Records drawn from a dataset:

------------------------------------------------------------

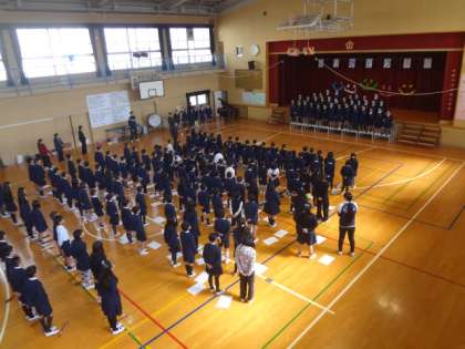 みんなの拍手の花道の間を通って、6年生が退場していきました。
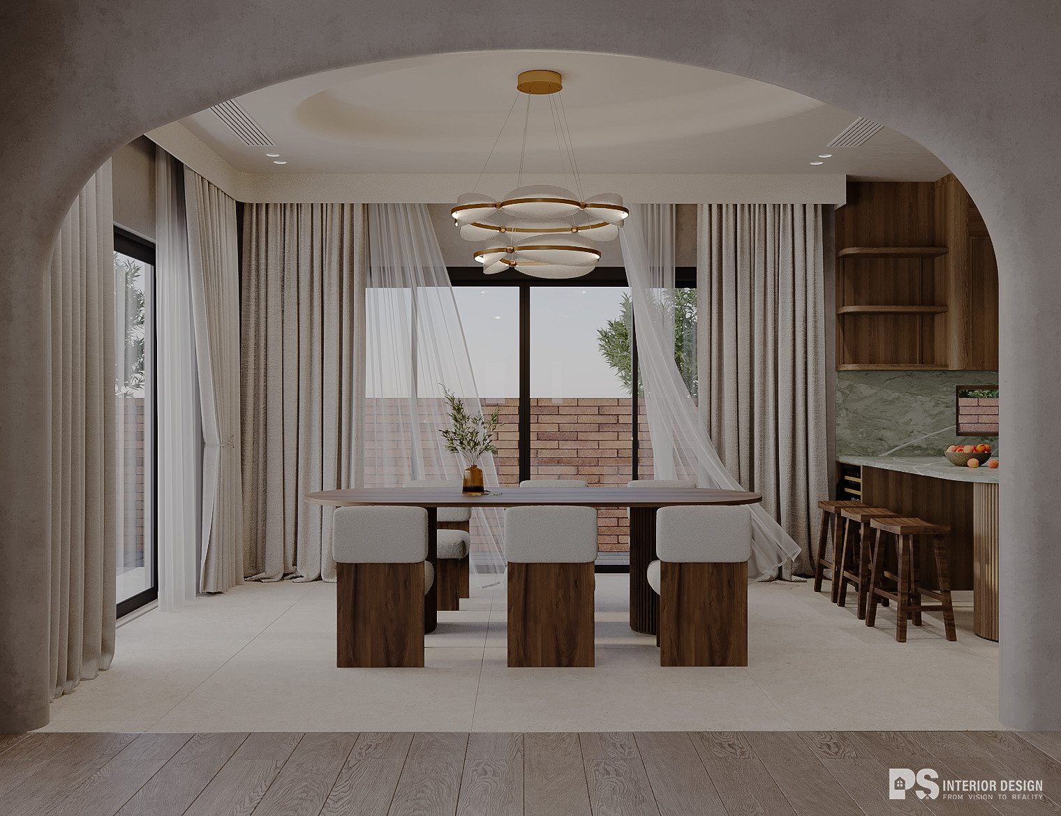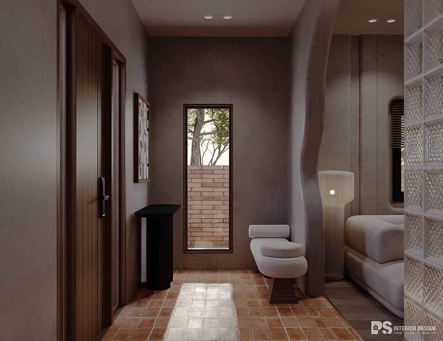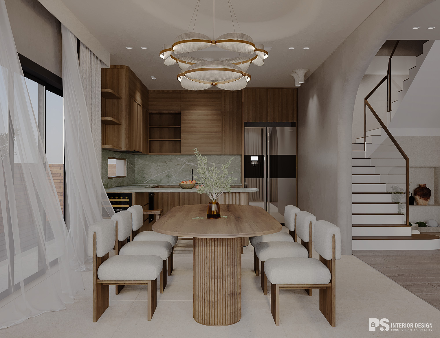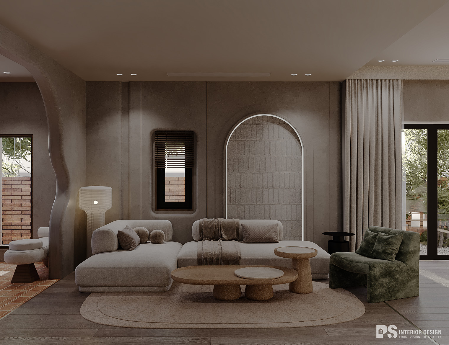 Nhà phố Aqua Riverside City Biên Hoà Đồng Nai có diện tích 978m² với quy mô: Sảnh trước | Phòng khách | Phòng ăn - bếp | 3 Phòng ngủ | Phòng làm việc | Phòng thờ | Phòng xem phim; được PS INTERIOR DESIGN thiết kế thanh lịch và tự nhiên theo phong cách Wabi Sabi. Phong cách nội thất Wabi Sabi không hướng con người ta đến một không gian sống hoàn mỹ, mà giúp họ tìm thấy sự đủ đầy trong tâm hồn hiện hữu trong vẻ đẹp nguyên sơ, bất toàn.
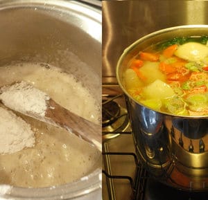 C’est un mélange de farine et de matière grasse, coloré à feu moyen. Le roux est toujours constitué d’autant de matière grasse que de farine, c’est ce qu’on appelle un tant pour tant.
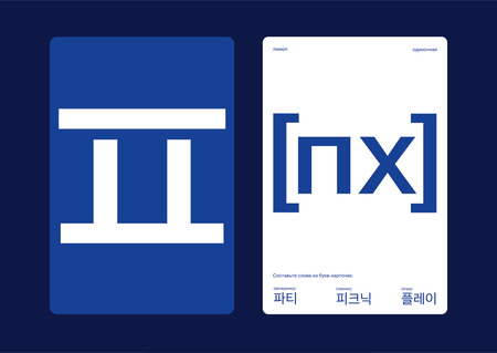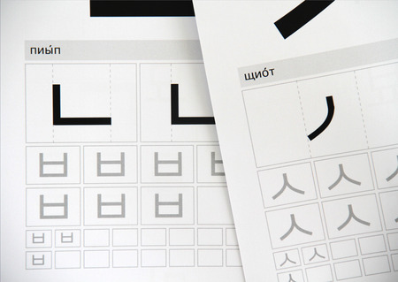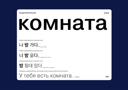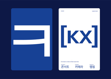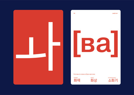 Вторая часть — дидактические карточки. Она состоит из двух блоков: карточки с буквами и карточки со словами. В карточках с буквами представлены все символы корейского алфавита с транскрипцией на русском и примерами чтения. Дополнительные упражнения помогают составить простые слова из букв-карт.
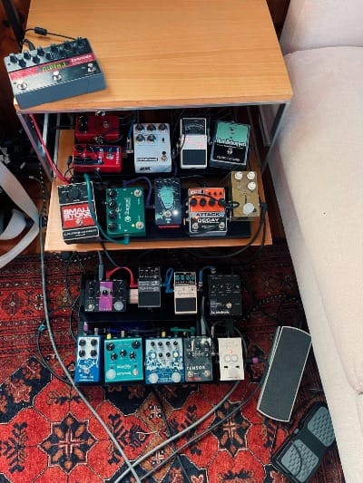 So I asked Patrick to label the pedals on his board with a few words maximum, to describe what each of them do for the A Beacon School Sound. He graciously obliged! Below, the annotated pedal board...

------------------------------------------------------------

- _Exercise objective_
Pictures excluded, set down all the entries exactly.

- _Response area_
 みんなの拍手の花道の間を通って、6年生が退場していきました。
 Nhà phố Aqua Riverside City Biên Hoà Đồng Nai có diện tích 978m² với quy mô: Sảnh trước | Phòng khách | Phòng ăn - bếp | 3 Phòng ngủ | Phòng làm việc | Phòng thờ | Phòng xem phim; được PS INTERIOR DESIGN thiết kế thanh lịch và tự nhiên theo phong cách Wabi Sabi. Phong cách nội thất Wabi Sabi không hướng con người ta đến một không gian sống hoàn mỹ, mà giúp họ tìm thấy sự đủ đầy trong tâm hồn hiện hữu trong vẻ đẹp nguyên sơ, bất toàn.
 C’est un mélange de farine et de matière grasse, coloré à feu moyen. Le roux est toujours constitué d’autant de matière grasse que de farine, c’est ce qu’on appelle un tant pour tant.
 Вторая часть — дидактические карточки. Она состоит из двух блоков: карточки с буквами и карточки со словами. В карточках с буквами представлены все символы корейского алфавита с транскрипцией на русском и примерами чтения. Дополнительные упражнения помогают составить простые слова из букв-карт.
 So I asked Patrick to label the pedals on his board with a few words maximum, to describe what each of them do for the A Beacon School Sound. He graciously obliged! Below, the annotated pedal board...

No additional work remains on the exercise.